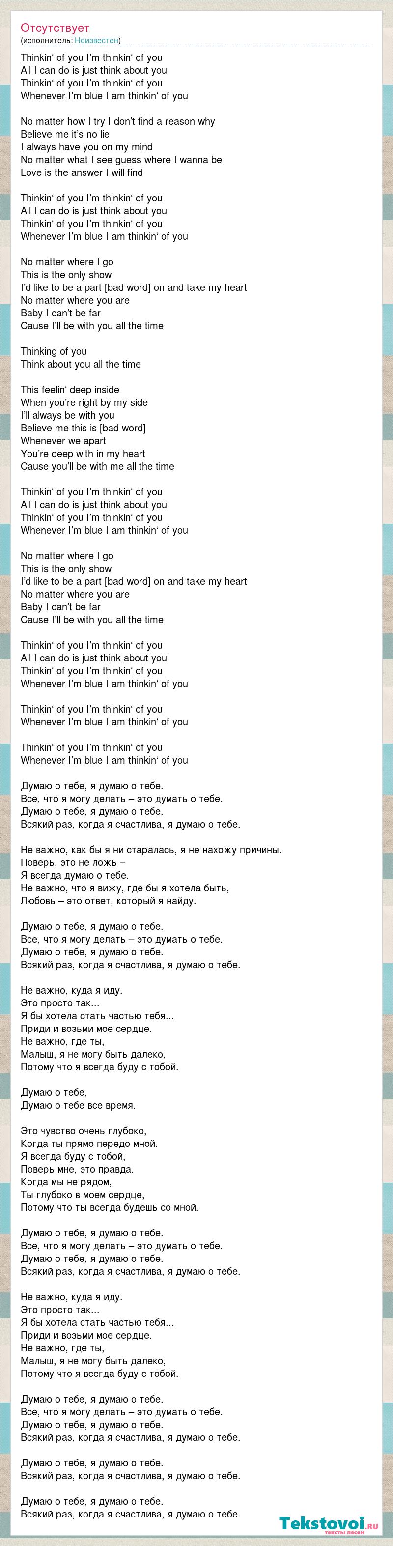 Thinkin‘ of you I’m thinkin‘ of you All I can do is just think about you Thinkin‘ of you I’m thinkin‘ of you Whenever I’m blue I am thinkin‘ of you No matter how I try I don’t find a reason why Believe me it’s no lie I always have you on my mind No matter what I see guess where I wanna be Love is the answer I will find Thinkin‘ of you I’m thinkin‘ of you All I can do is just think about you Thinkin‘ of you I’m thinkin‘ of you Whenever I’m blue I am thinkin‘ of you No matter where I go This is the only show I’d like to be a part [bad word] on and take my heart No matter where you are Baby I can’t be far Cause I’ll be with you all the time Thinking of you Think about you all the time This feelin‘ deep inside When you’re right by my side I’ll always be with you Believe me this is [bad word] Whenever we apart You’re deep with in my heart Cause you’ll be with me all the time Thinkin‘ of you I’m thinkin‘ of you All I can do is just think about you Thinkin‘ of you I’m thinkin‘ of you Whenever I’m blue I am thinkin‘ of you No matter where I go This is the only show I’d like to be a part [bad word] on and take my heart No matter where you are Baby I can’t be far Cause I’ll be with you all the time Thinkin‘ of you I’m thinkin‘ of you All I can do is just think about you Thinkin‘ of you I’m thinkin‘ of you Whenever I’m blue I am thinkin‘ of you Thinkin‘ of you I’m thinkin‘ of you Whenever I’m blue I am thinkin‘ of you Thinkin‘ of you I’m thinkin‘ of you Whenever I’m blue I am thinkin‘ of you Думаю о тебе, я думаю о тебе. Все, что я могу делать – это думать о тебе. Думаю о тебе, я думаю о тебе. Всякий раз, когда я счастлива, я думаю о тебе. Не важно, как бы я ни старалась, я не нахожу причины. Поверь, это не ложь – Я всегда думаю о тебе. Не важно, что я вижу, где бы я хотела быть, Любовь – это ответ, который я найду. Думаю о тебе, я думаю о тебе. Все, что я могу делать – это думать о тебе. Думаю о тебе, я думаю о тебе. Всякий раз, когда я счастлива, я думаю о тебе. Не важно, куда я иду. Это просто так... Я бы хотела стать частью тебя... Приди и возьми мое сердце. Не важно, где ты, Малыш, я не могу быть далеко, Потому что я всегда буду с тобой. Думаю о тебе, Думаю о тебе все время. Это чувство очень глубоко, Когда ты прямо передо мной. Я всегда буду с тобой, Поверь мне, это правда. Когда мы не рядом, Ты глубоко в моем сердце, Потому что ты всегда будешь со мной. Думаю о тебе, я думаю о тебе. Все, что я могу делать – это думать о тебе. Думаю о тебе, я думаю о тебе. Всякий раз, когда я счастлива, я думаю о тебе. Не важно, куда я иду. Это просто так... Я бы хотела стать частью тебя... Приди и возьми мое сердце. Не важно, где ты, Малыш, я не могу быть далеко, Потому что я всегда буду с тобой. Думаю о тебе, я думаю о тебе. Все, что я могу делать – это думать о тебе. Думаю о тебе, я думаю о тебе. Всякий раз, когда я счастлива, я думаю о тебе. Думаю о тебе, я думаю о тебе. Всякий раз, когда я счастлива, я думаю о тебе. Думаю о тебе, я думаю о тебе. Всякий раз, когда я счастлива, я думаю о тебе.
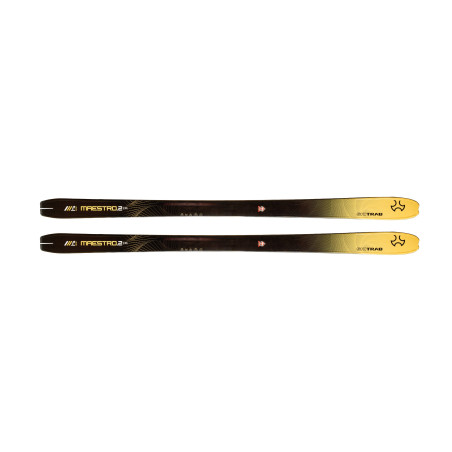 Narty Maestro 2 to nowa wersja nart Ski Trab Maestro. To idealne narty skiturowe zarówno dla osób uprawiających skituring przy trasach narciarskich, jak i wybierających bardziej wymagający teren wysokogórski. Narta jest tradycyjnie zbudowana z 14 warstw, z rdzeniem aramidowym. Kształt i profil zostały zaktualizowane. Ski Trab dodał trochę rockera, poszerzył i wydłużył przód o 39% oraz tył narty o 100% w stosunku do poprzednich modeli. Zmienił także jej elastyczność, dzięki czemu inicjacja skrętu jest łatwiejsza. Wprowadził system NoShock- narty zostały wyposażone w warstwę elastomeru, która znajduje się między krawędzią a materiałem rdzenia w celu pochłaniania wibracji. Zachował warstwę Attivo Shock Absorber, biegnącą wzdłuż narty i pochłaniającą wibracje, co zapobiega drganiom na nartach, a także chronią rdzeń przed uszkodzeniami zewnętrznymi.Dzięki konstrukcji Hiconnect narty zostały usztywnione. Jazda na nich z większą prędkością jest bardziej stabilna. Stalowe krawędzie HRC 52 naostrzone na 89° Trzyletnia gwarancja Wyprodukowano w Bormio we Włoszech. Waga: 925gr. (przy dł. 164cm) Taliowanie: 108-78-94.
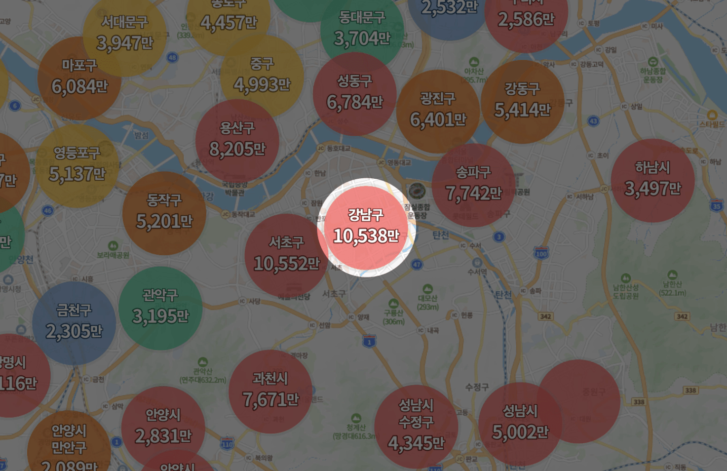가장 간단하게 강남과 비교해보면,
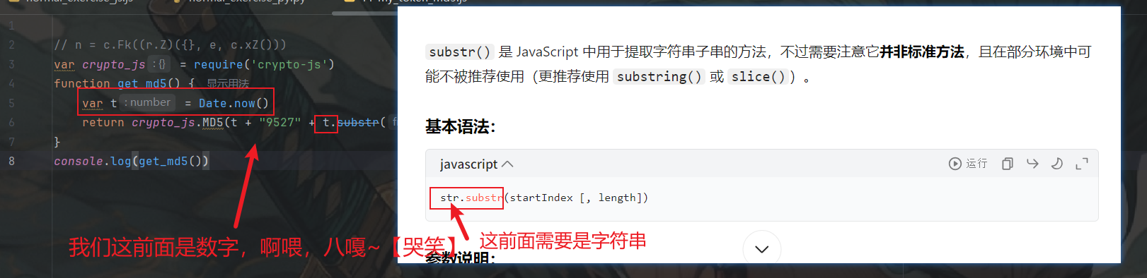 var crypto_js = require('crypto-js')function get_md5() {return crypto_js.MD5(e + "9527" + e.substr(0, 6)).toString // 一定记得加toString
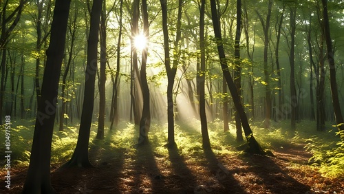 © Wanida, Obraz premium A forest with trees and sunlight shining through the leaves
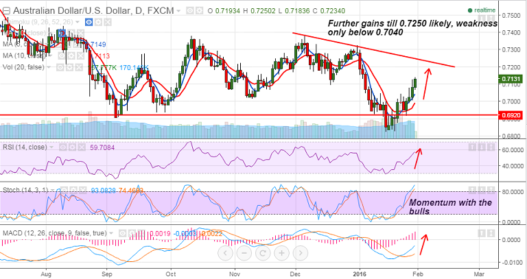 - Technicals indicate further upside for the pair, bias is higher, Stochs,RSI and MACD point north, gains upto 0.7250 likely.
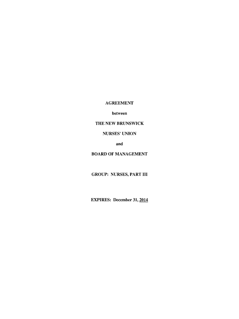 AGREEMENT between THE NEW BRUNSWICK NURSES UNION and BOARD OF MANAGEMENTGROUP: NURSES, PART EXPIRES: December 31, 2014TABLE OF CONTENTSArticlePageARTICLE 1 PURPOSE OF THIS AGREEMENT ...............................................................................
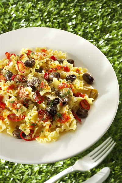 In abbondante acqua salata cuocere al dente le mafalde. Nel frattempo cubettare il pane pugliese, poi tostarlo in una padella antiaderente insieme a un filo d’olio extravergine e ai gambi di prezzemolo. Lasciar raffreddare, quindi eliminare i gambi di prezzemolo e macinare nel mixer i cubetti di pane tostato. A questo punto in una casseruola scaldare l’olio rimasto; aggiungere il condimento tricolore, il prezzemolo precedentemente tritato e un poco dell’acqua di cottura della pasta. Scolare le mafalde e farle saltare nel condimento preparato, incorporando anche le olive nostraline. Distribuire la pasta nei piatti e completare con un poco di Pomodorina riscaldata e una generosa spolverata di pane tostato macinato.
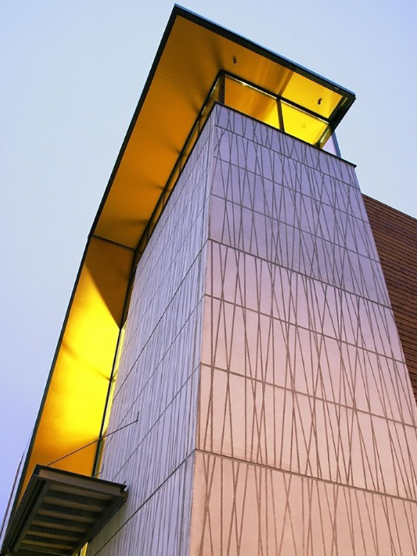 Eines unserer ältesten Referenzprojekte beweist, dass die Kanten von Graphic Concrete scharf und die Kontraste erhalten bleiben. Alterungsspuren zeigen sich nur dort, wo regelmäßig Wasser über die Oberfläche läuft – ein Effekt, der bei allen Betonfassaden vorkommt und sich leicht mit Hochdruckreinigung beheben lässt.

HOW TO COMPLETE THIS TASK
The result should be an exact repetition of all the records. Drop the pictures.

EXERCISE RESPONSE
 Thinkin‘ of you I’m thinkin‘ of you All I can do is just think about you Thinkin‘ of you I’m thinkin‘ of you Whenever I’m blue I am thinkin‘ of you No matter how I try I don’t find a reason why Believe me it’s no lie I always have you on my mind No matter what I see guess where I wanna be Love is the answer I will find Thinkin‘ of you I’m thinkin‘ of you All I can do is just think about you Thinkin‘ of you I’m thinkin‘ of you Whenever I’m blue I am thinkin‘ of you No matter where I go This is the only show I’d like to be a part [bad word] on and take my heart No matter where you are Baby I can’t be far Cause I’ll be with you all the time Thinking of you Think about you all the time This feelin‘ deep inside When you’re right by my side I’ll always be with you Believe me this is [bad word] Whenever we apart You’re deep with in my heart Cause you’ll be with me all the time Thinkin‘ of you I’m thinkin‘ of you All I can do is just think about you Thinkin‘ of you I’m thinkin‘ of you Whenever I’m blue I am thinkin‘ of you No matter where I go This is the only show I’d like to be a part [bad word] on and take my heart No matter where you are Baby I can’t be far Cause I’ll be with you all the time Thinkin‘ of you I’m thinkin‘ of you All I can do is just think about you Thinkin‘ of you I’m thinkin‘ of you Whenever I’m blue I am thinkin‘ of you Thinkin‘ of you I’m thinkin‘ of you Whenever I’m blue I am thinkin‘ of you Thinkin‘ of you I’m thinkin‘ of you Whenever I’m blue I am thinkin‘ of you Думаю о тебе, я думаю о тебе. Все, что я могу делать – это думать о тебе. Думаю о тебе, я думаю о тебе. Всякий раз, когда я счастлива, я думаю о тебе. Не важно, как бы я ни старалась, я не нахожу причины. Поверь, это не ложь – Я всегда думаю о тебе. Не важно, что я вижу, где бы я хотела быть, Любовь – это ответ, который я найду. Думаю о тебе, я думаю о тебе. Все, что я могу делать – это думать о тебе. Думаю о тебе, я думаю о тебе. Всякий раз, когда я счастлива, я думаю о тебе. Не важно, куда я иду. Это просто так... Я бы хотела стать частью тебя... Приди и возьми мое сердце. Не важно, где ты, Малыш, я не могу быть далеко, Потому что я всегда буду с тобой. Думаю о тебе, Думаю о тебе все время. Это чувство очень глубоко, Когда ты прямо передо мной. Я всегда буду с тобой, Поверь мне, это правда. Когда мы не рядом, Ты глубоко в моем сердце, Потому что ты всегда будешь со мной. Думаю о тебе, я думаю о тебе. Все, что я могу делать – это думать о тебе. Думаю о тебе, я думаю о тебе. Всякий раз, когда я счастлива, я думаю о тебе. Не важно, куда я иду. Это просто так... Я бы хотела стать частью тебя... Приди и возьми мое сердце. Не важно, где ты, Малыш, я не могу быть далеко, Потому что я всегда буду с тобой. Думаю о тебе, я думаю о тебе. Все, что я могу делать – это думать о тебе. Думаю о тебе, я думаю о тебе. Всякий раз, когда я счастлива, я думаю о тебе. Думаю о тебе, я думаю о тебе. Всякий раз, когда я счастлива, я думаю о тебе. Думаю о тебе, я думаю о тебе. Всякий раз, когда я счастлива, я думаю о тебе.
 Narty Maestro 2 to nowa wersja nart Ski Trab Maestro. To idealne narty skiturowe zarówno dla osób uprawiających skituring przy trasach narciarskich, jak i wybierających bardziej wymagający teren wysokogórski. Narta jest tradycyjnie zbudowana z 14 warstw, z rdzeniem aramidowym. Kształt i profil zostały zaktualizowane. Ski Trab dodał trochę rockera, poszerzył i wydłużył przód o 39% oraz tył narty o 100% w stosunku do poprzednich modeli. Zmienił także jej elastyczność, dzięki czemu inicjacja skrętu jest łatwiejsza. Wprowadził system NoShock- narty zostały wyposażone w warstwę elastomeru, która znajduje się między krawędzią a materiałem rdzenia w celu pochłaniania wibracji. Zachował warstwę Attivo Shock Absorber, biegnącą wzdłuż narty i pochłaniającą wibracje, co zapobiega drganiom na nartach, a także chronią rdzeń przed uszkodzeniami zewnętrznymi.Dzięki konstrukcji Hiconnect narty zostały usztywnione. Jazda na nich z większą prędkością jest bardziej stabilna. Stalowe krawędzie HRC 52 naostrzone na 89° Trzyletnia gwarancja Wyprodukowano w Bormio we Włoszech. Waga: 925gr. (przy dł. 164cm) Taliowanie: 108-78-94.
가장 간단하게 강남과 비교해보면,
 var crypto_js = require('crypto-js')function get_md5() {return crypto_js.MD5(e + "9527" + e.substr(0, 6)).toString // 一定记得加toString
 © Wanida, Obraz premium A forest with trees and sunlight shining through the leaves
 - Technicals indicate further upside for the pair, bias is higher, Stochs,RSI and MACD point north, gains upto 0.7250 likely.
 AGREEMENT between THE NEW BRUNSWICK NURSES UNION and BOARD OF MANAGEMENTGROUP: NURSES, PART EXPIRES: December 31, 2014TABLE OF CONTENTSArticlePageARTICLE 1 PURPOSE OF THIS AGREEMENT ...............................................................................
 In abbondante acqua salata cuocere al dente le mafalde. Nel frattempo cubettare il pane pugliese, poi tostarlo in una padella antiaderente insieme a un filo d’olio extravergine e ai gambi di prezzemolo. Lasciar raffreddare, quindi eliminare i gambi di prezzemolo e macinare nel mixer i cubetti di pane tostato. A questo punto in una casseruola scaldare l’olio rimasto; aggiungere il condimento tricolore, il prezzemolo precedentemente tritato e un poco dell’acqua di cottura della pasta. Scolare le mafalde e farle saltare nel condimento preparato, incorporando anche le olive nostraline. Distribuire la pasta nei piatti e completare con un poco di Pomodorina riscaldata e una generosa spolverata di pane tostato macinato.
 Eines unserer ältesten Referenzprojekte beweist, dass die Kanten von Graphic Concrete scharf und die Kontraste erhalten bleiben. Alterungsspuren zeigen sich nur dort, wo regelmäßig Wasser über die Oberfläche läuft – ein Effekt, der bei allen Betonfassaden vorkommt und sich leicht mit Hochdruckreinigung beheben lässt.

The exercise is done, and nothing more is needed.